Hey that's better than most! What do you do during the day mostly? Like the meat of the day, as they say. Sorry, I'm a curious guy by nature. And this cat's not dead yet! [not nearly]
 
I'm required to do 5 hours of intensive out patient classes like yoga,harp therapy,brain science,relapse prevention etc. From 9-3 then go to the gym then meeting and dinner then chill then bed
 
I totally agree with you.

By powerlessness I don't mean that someone that drinks is powerless or weak/sick. I believe that most of people who has a drinking problem are often in a tough spot over a toast of champagne or whatever. I feel that once you can't limit yourself to a glass of wine and be okay with it, something is wrong. Or whenever you socialize at work and end up drunk every time and eternally regretful on the following day.

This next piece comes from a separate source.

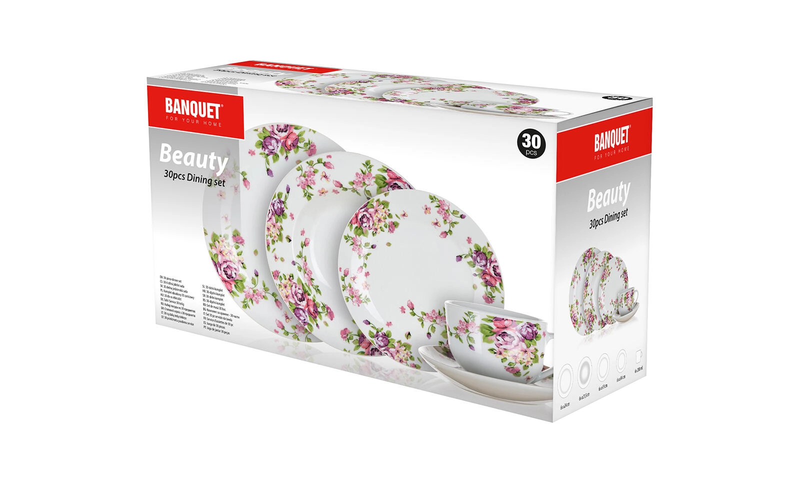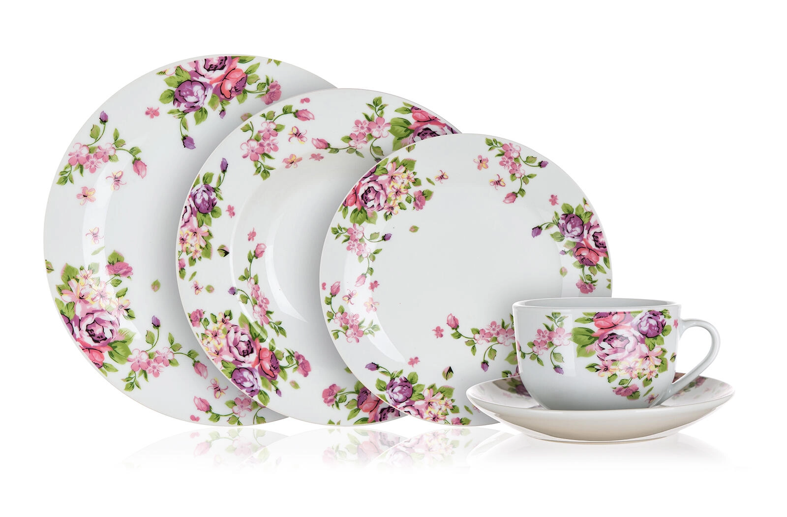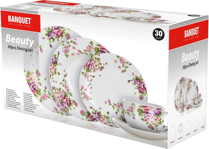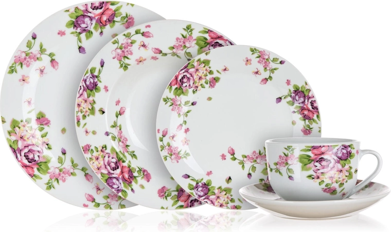 A stílusos Beauty étkészlet a klasszikus fehér porcelánt romantikus virágmintával ötvözi, amely minden darabon harmonizál. Átgondolt összeállításának köszönhetően mélytányérokat, lapostányérokat és desszerttányérokat kap, kiegészítve csészékkel és csészealjakkal kávé vagy tea tálalásához.
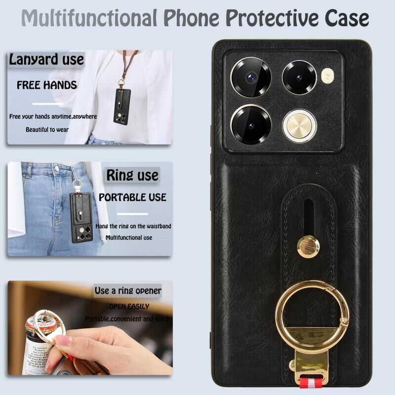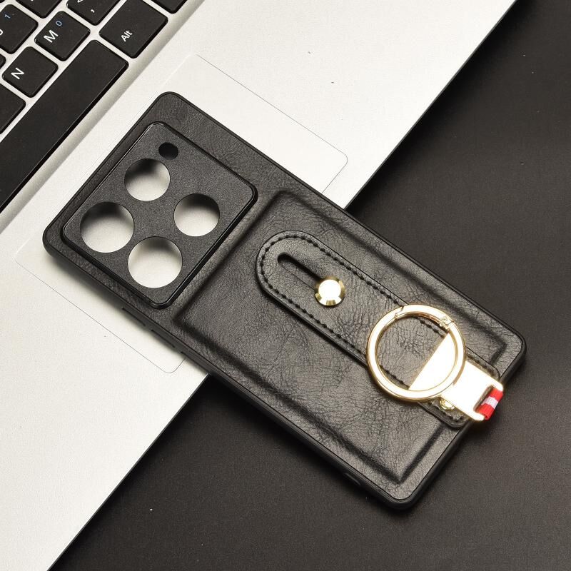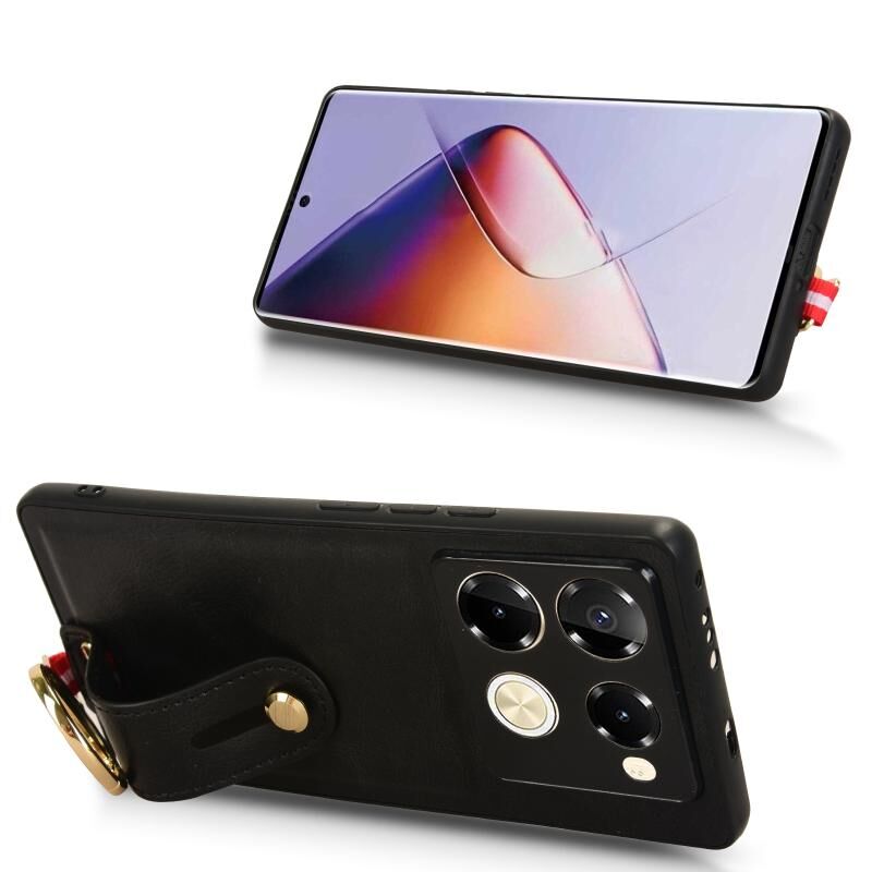 For Infinix Note 40 Pro 4G X6850 Wristband Leather Back Phone Case(Black)

If I used when I was truly powerless over it, even after bouts of sobriety it ended up the same way....losing everything to the needle (including the respect of myself and everyone around me), being homeless, and being so freaking desperate that every morning I woke up I wanted to end it with an overdose. I can make this promise though: Once you have a belief structure that works to keep you on the straight and narrow you may be able to use just once...but the thoughts and feelings it elicits are not worth the trouble considering it will take some mental gymnastics not to go back.
 
yah trying to catch my self hate talk...and try not thinking about the past .

Self care.
Gym
Eating better
Beach
Meeting 5 times a week
Reading postive text in morning

Sounds like your doing a lot better. Life cannot be all recovery all the time though. What do you do that turns you on and makes the other things seem less boring? What do you look forward to?
 
My favorite form of self care is often found in the sound of LOUD fucking MUSIC and green grass festival fields. Every one is greener, and the grass is always so to another's eyes. I have to remind myself that I need to be grateful for what I have, but it is easy to be grateful to be grateful when your grateful, or something like that :\
 
Toothpastedog, you are truly a wise man living in a crazy world. I use mind numbing music everyday and that my therapy. Sure I have a therapist but that's my thing. Real loud Rage against the Machine. After that I feel like I can do anything. And I agree with Manboychef life cannot be full time recovery. At least not for me. I need to let my hair down and rock out. Time and a place for everything. You dudes are awesome!!
 
Sounds like your doing a lot better. Life cannot be all recovery all the time though. What do you do that turns you on and makes the other things seem less boring? What do you look forward to?

Good point, indeed.
I had always underestimated this important need to have a hobby or go crazy sometimes. I thought that'd have been a piece of cake once all sobriety check lists were met. Besides, I had always been an avid traveller, and thought I'd continued with my adventures, but as unbelievable as it may sound that ended up being a challenge. For some it comes naturally.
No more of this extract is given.